Poland became one of the destinations for Brits in the last decade. Why? Firstly, it’s easily accessible, with cheap flights from the UK to a choice of 11 cities, and it is also great value when you’re there. Poland took the coveted top spot as the cheapest country to visit in our recent Real Value study.
Despite being a popular stop on the stag-do circuit, there is much more to crow about Krakow than its tolerance of groups of inebriated men dressed as superheroes. Two words: Old Town. No other city in Poland boasts as much fine original gothic and renaissance architecture. Take that Katowice!
You could easily spend your time in cool Katowice finding the best ‘smalec’ in town, but there is more to life than appetisers, so once you’ve had your fill of animal lard spread on bread, cruise slowly around the Communist-conceived Park of Culture and Rest on a horizontal chairlift.
Followers of football will know ‘The Poznan’ as a Manchester City fans’ choreograph, but others won’t have a clue what we’re on about, so let’s just say Poznan is a vivacious, energetic city with buzzing nightlife and a veritable collection of museums that includes the Motoring Museum, appropriately located under the city’s busiest roundabout.
There is much, much more for the visitor to Poland than its cities. Go boating, walking and wildlife-watching in the Mazury Lake District, with its 2700 lakes, the Pieniny and Czorstyn Lake Region in southern Poland, and Woliński National Park on the country’s Baltic Coast.
We can’t resist mentioning beer, but we will because, according to PintPrice, Ukraine takes the prize for the cheapest beer in Europe, at an average of just 49p. In comparison, a pint in Poland will set you back a whopping £1.25. Lviv hosts a month-long beer festival each summer which 'sets a high standard for the consumption of heady drinks'.
Kiev offers travellers a taste of Soviet history, without the red tape (unlike Russia – you don’t need a visa to enter Ukraine). The stunning Kievo-Pecherskaya Caves Monastery, which has UNESCO World Heritage status, houses a network of candle-lit catacombs where Ukrainian saints lie in glass coffins.
Nicknamed ‘The Lion’s City’, after the son of the city founder who is the ‘mane’ man around here, Lviv holds an annual Parade of Lions. No, not an public exhibition of the detainees of a local circus, but a festival of lion sculptures. Lion lovers will also enjoy the annual Iron Lion (Zion?) festival of forged arts.
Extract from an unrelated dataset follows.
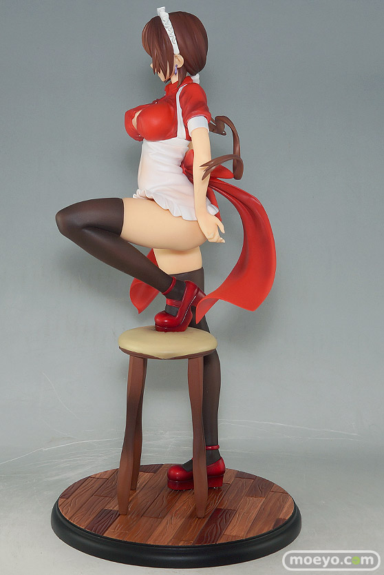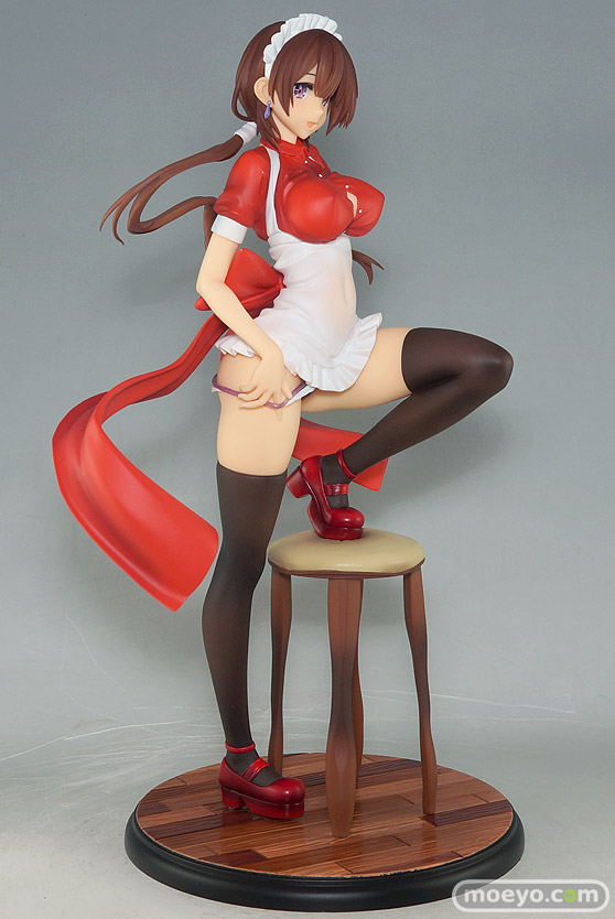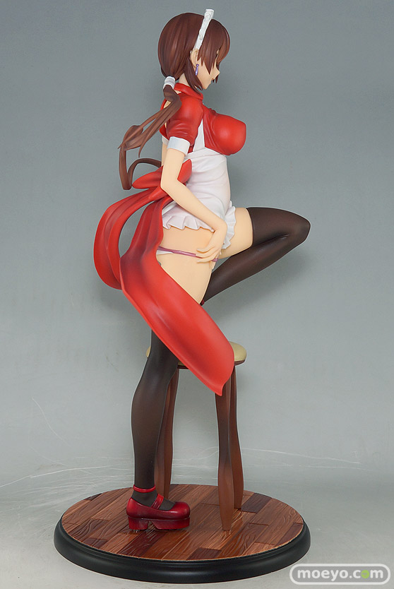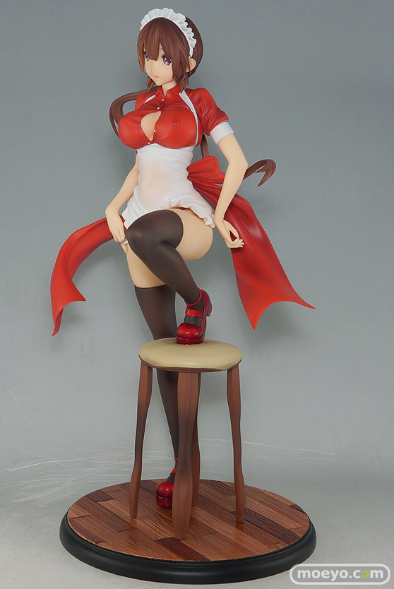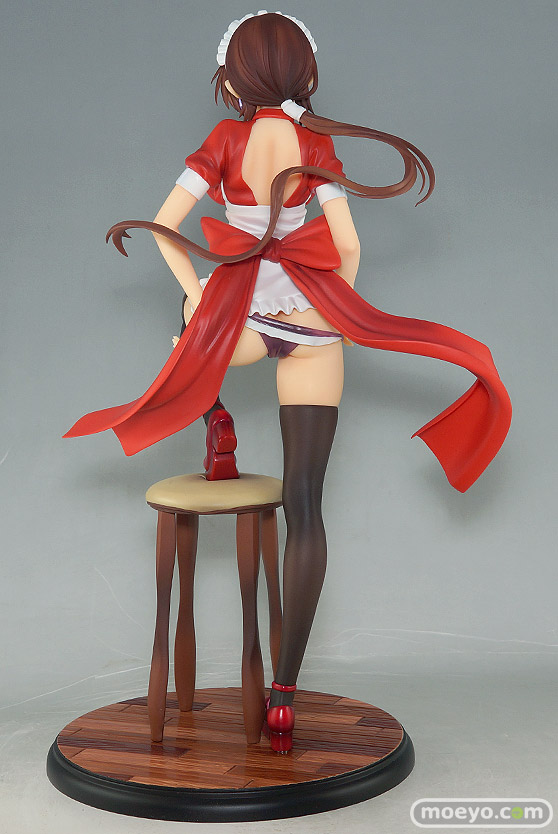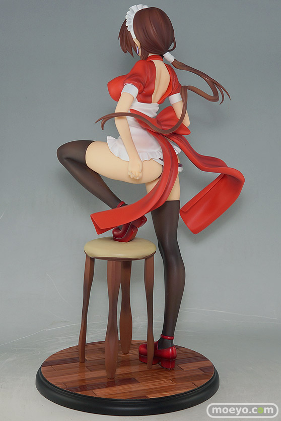 身体にぴったりと張り付くような赤白のメイド服、こぼれそうな胸元、むっちりとした太ももなどの質感の詰まったボディや、翻るリボンと美しく流れる髪の造形、両手にかけたパンツなど見どころ満載です。

Famed for its coal mining, chemicals and metallurgy, industrial Donetsk is actually a very green city. According to the Ukrainian tourist board, the City of a Million Roses is ‘often considered to be an unwelcoming place for tourists’. “We assure you that that’s not true”, they say. One must-see is the truly unique park of forged figures, ornamented with the work of the winners of an annual blacksmiths festival.
In summer, outdoor enthusiasts can hike, bike and camp in the Carpathian Mountains in the west of the country, while the ski resorts of Bukovel, Slavakso, Drahobrat and Tysovets attract skiers and snowboarders come winter. Sun and sand-seekers will lap up the sub-tropical climate (yes indeed!) of Ukraine’s Black Sea coast.